SNA fighters praying in Syria

Bekir Kasim/Anadolu Agency via Getty Images

Syrian National Army soldiers praying before an event mark the first anniversary of the Turkish-backed Operation Peace Spring in northern Syria Tal Abyad, Syria on October 13, 2020; many former SNA fighters are now deployed as mercenaries in Nagorno-Karabakh, Azerbaijan

“They sent us directly to the front lines. The situation is terrible. Terrible. There is fighting every day. We are charged with storming. There is no rest. There are many men missing and we can’t get to them,” explained Abdel Basit, a Syrian mercenary speaking from Azerbaijan (for their safety, I have altered the names of all living Syrians in this report). What made this former Syrian rebel, displaced from his home in Rastan, in rural Homs, decide to sign up to fight in a foreign country? His father, who is still in Rastan, had to take out a large loan because of a family emergency, but “his salary is not enough [to pay it off]. I was forced to go. Against my will,” he said, repeating the phrase with exasperation in his voice.

Abdel Basit is one of hundreds of Syrian fighters who, since the beginning of September, have been dispatched by Turkey to wage war against Armenia in the disputed enclave of Nagorno-Karabakh in Azerbaijan. In this competition for regional dominance, Syria’s broken and broke men have become the cannon fodder. Four of Abdel Basit’s friends from Rastan were killed in the span of two days, shortly after disembarking in Azerbaijan. Two more were killed a week later.

The Syrian war, which has cost the lives of at least half a million people and displaced more than half of the pre-war population of 21 million since it began in 2011, is gradually turning into a frozen conflict: the front lines have stabilized since March 2020, the longest period since the outbreak of fighting in which there have been no new offensives. The ability of any force to advance is limited by the presence of foreign forces: the United States (still) in the northeast; Russia, Iran, and the Damascus regime controlling most of Syria; and Turkey in the north. Unable to shift the balance of power in Syria, Turkey and Russia in particular are looking for new arenas where they can project power and gain the upper hand in their competition with each other.

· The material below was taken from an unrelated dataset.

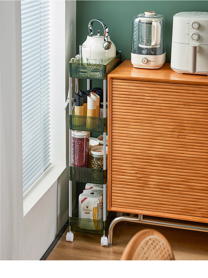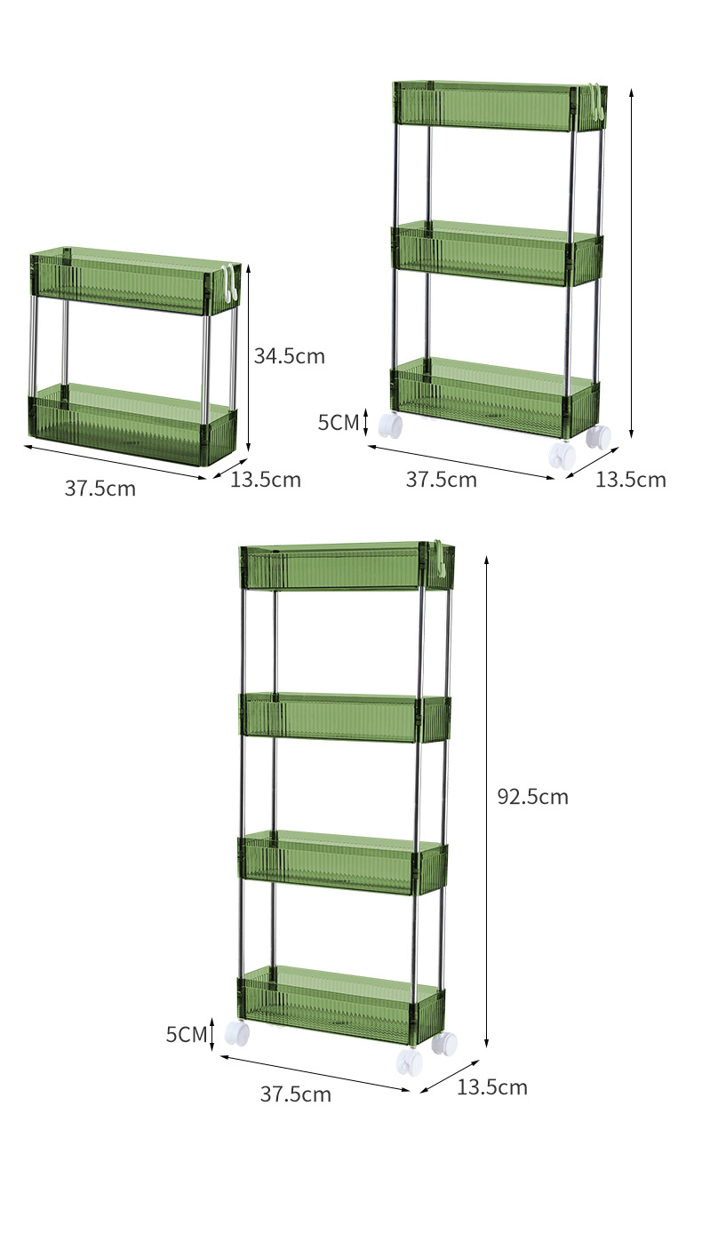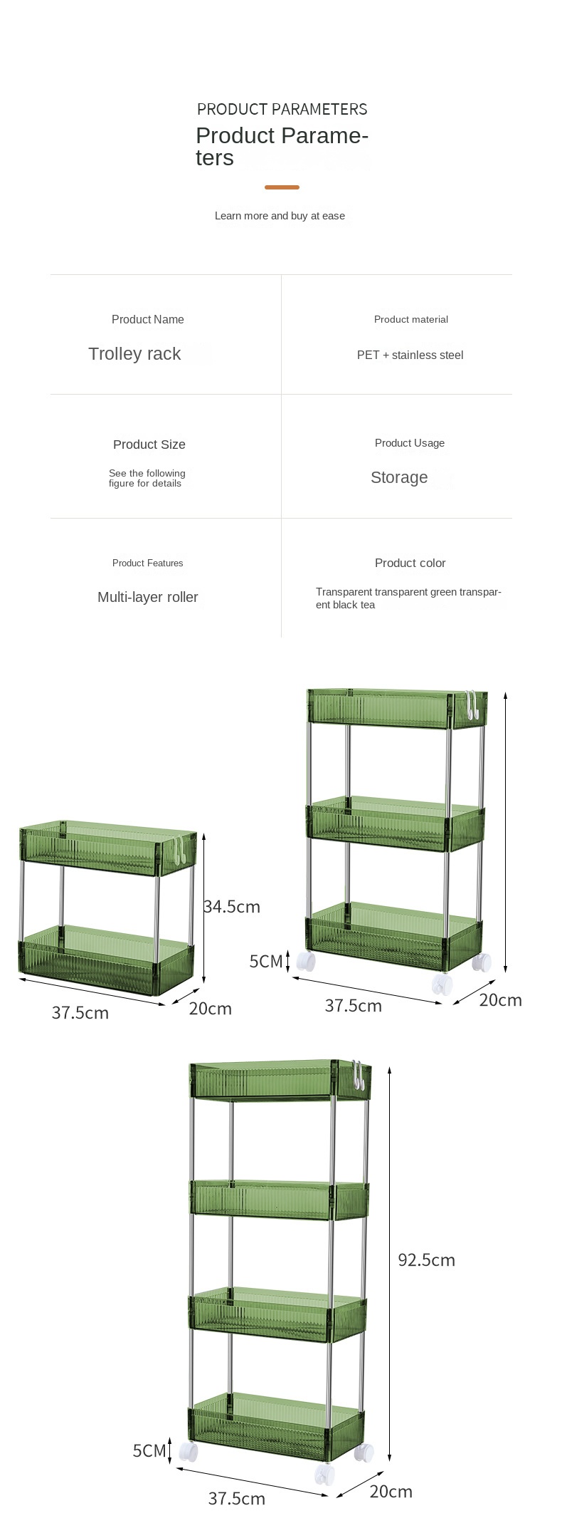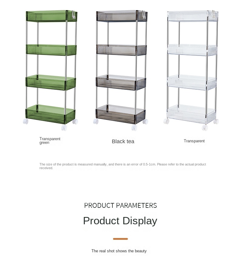 Light Luxury PET Storage Rack with Transparent Seam Cabinet, Bathroom Floor Storage Rack with Wheels and Small Push Cart for Bathroom, Kitchen, Living Room and Bedroom

This might have meant respite from hostilities for the Syrians who have been fighting on behalf of Russia and Turkey in Syria, but that was not to be. Numerous countries that intervened in the Syrian civil war, including the United States, Israel, and Iran, created or supported their own Syrian proxy forces, but only Russia and Turkey began exporting theirs as mercenaries to fight in foreign conflicts. The mercenaries Turkey sent to Libya, starting in late December 2019, and now also to Azerbaijan, are largely drawn from the ranks of a proxy force created by Turkey back in 2016, now known as the Syrian National Army (SNA). Ankara used this force to secure its southern border against the Islamic State, or ISIS, in 2016, and later, again, to wage war against the Kurdish YPG militia (People’s Protection Units) in northern and northeastern Syria in 2018 and 2019. This proxy army was able to reengineer the demographics of the border regions, displacing most Kurdish inhabitants and replacing them with Arabs, themselves displaced by the Assad regime from further south.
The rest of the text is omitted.